→ Your objective:
From the line containing "对于移动理财行业未来的发展趋" down to the last line of the material, output each line exactly as it appears, excluding pictures.

═══ Extracted information ═══

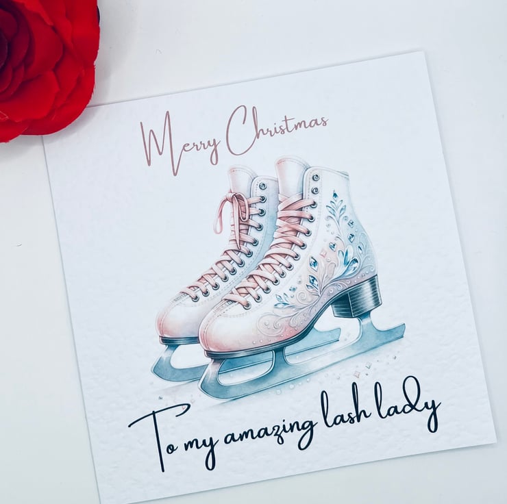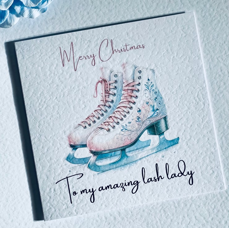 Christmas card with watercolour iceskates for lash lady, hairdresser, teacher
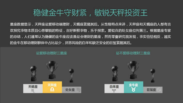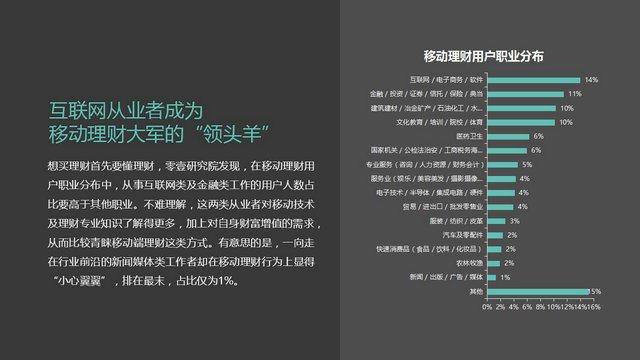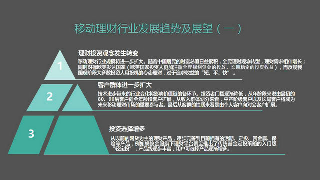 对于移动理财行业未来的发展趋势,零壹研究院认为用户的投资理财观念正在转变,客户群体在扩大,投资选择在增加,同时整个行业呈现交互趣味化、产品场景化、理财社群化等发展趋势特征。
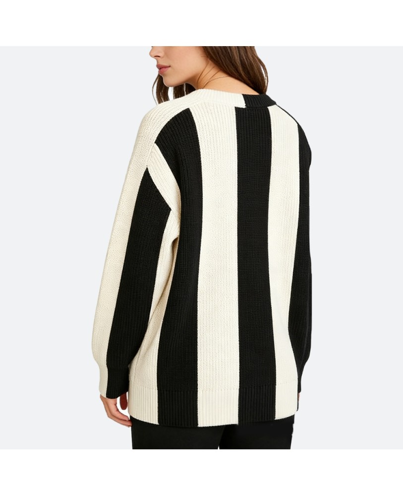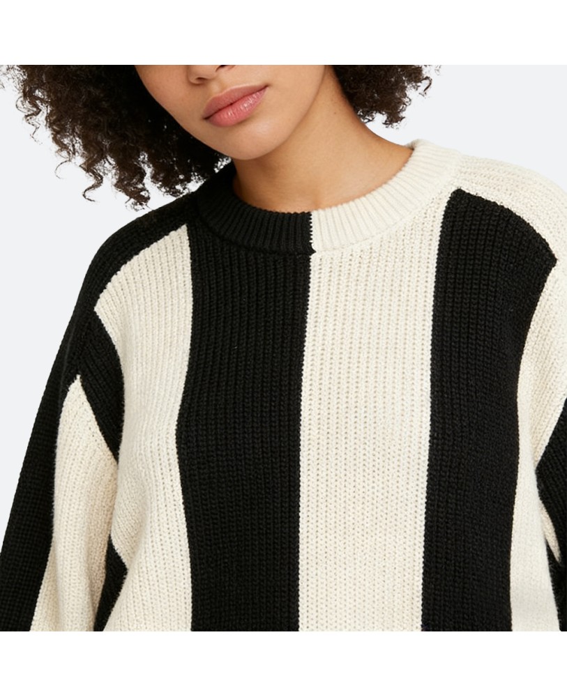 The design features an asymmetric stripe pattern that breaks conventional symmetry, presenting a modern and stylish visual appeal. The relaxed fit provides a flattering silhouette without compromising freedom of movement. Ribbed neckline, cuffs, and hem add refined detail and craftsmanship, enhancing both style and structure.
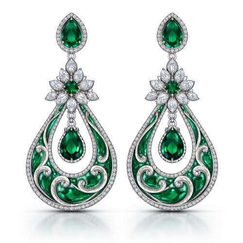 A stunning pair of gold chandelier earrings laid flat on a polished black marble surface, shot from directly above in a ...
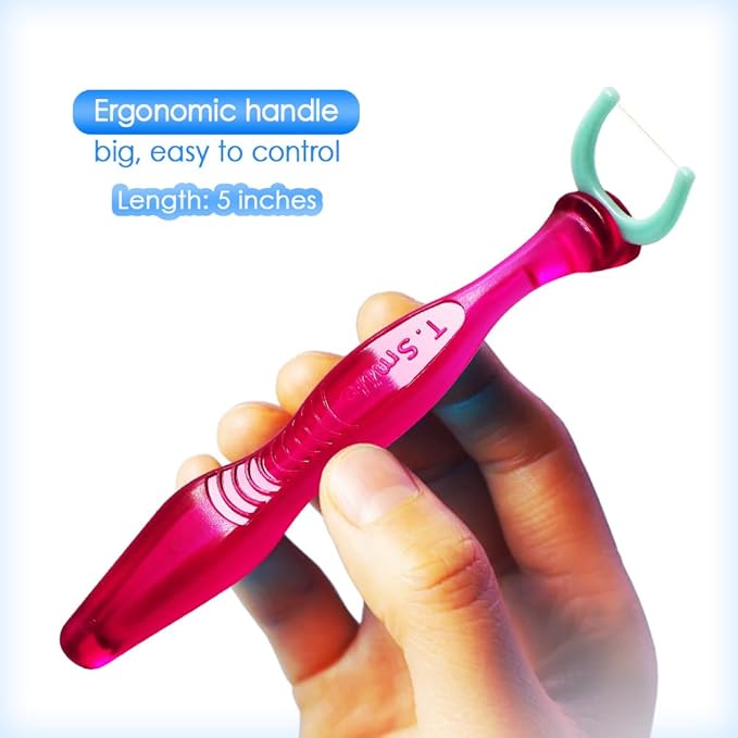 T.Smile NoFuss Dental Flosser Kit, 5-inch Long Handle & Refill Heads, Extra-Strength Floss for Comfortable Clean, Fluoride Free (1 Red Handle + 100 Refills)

═══

→ Result of the exercise:
 对于移动理财行业未来的发展趋势,零壹研究院认为用户的投资理财观念正在转变,客户群体在扩大,投资选择在增加,同时整个行业呈现交互趣味化、产品场景化、理财社群化等发展趋势特征。
 The design features an asymmetric stripe pattern that breaks conventional symmetry, presenting a modern and stylish visual appeal. The relaxed fit provides a flattering silhouette without compromising freedom of movement. Ribbed neckline, cuffs, and hem add refined detail and craftsmanship, enhancing both style and structure.
 A stunning pair of gold chandelier earrings laid flat on a polished black marble surface, shot from directly above in a ...
 T.Smile NoFuss Dental Flosser Kit, 5-inch Long Handle & Refill Heads, Extra-Strength Floss for Comfortable Clean, Fluoride Free (1 Red Handle + 100 Refills)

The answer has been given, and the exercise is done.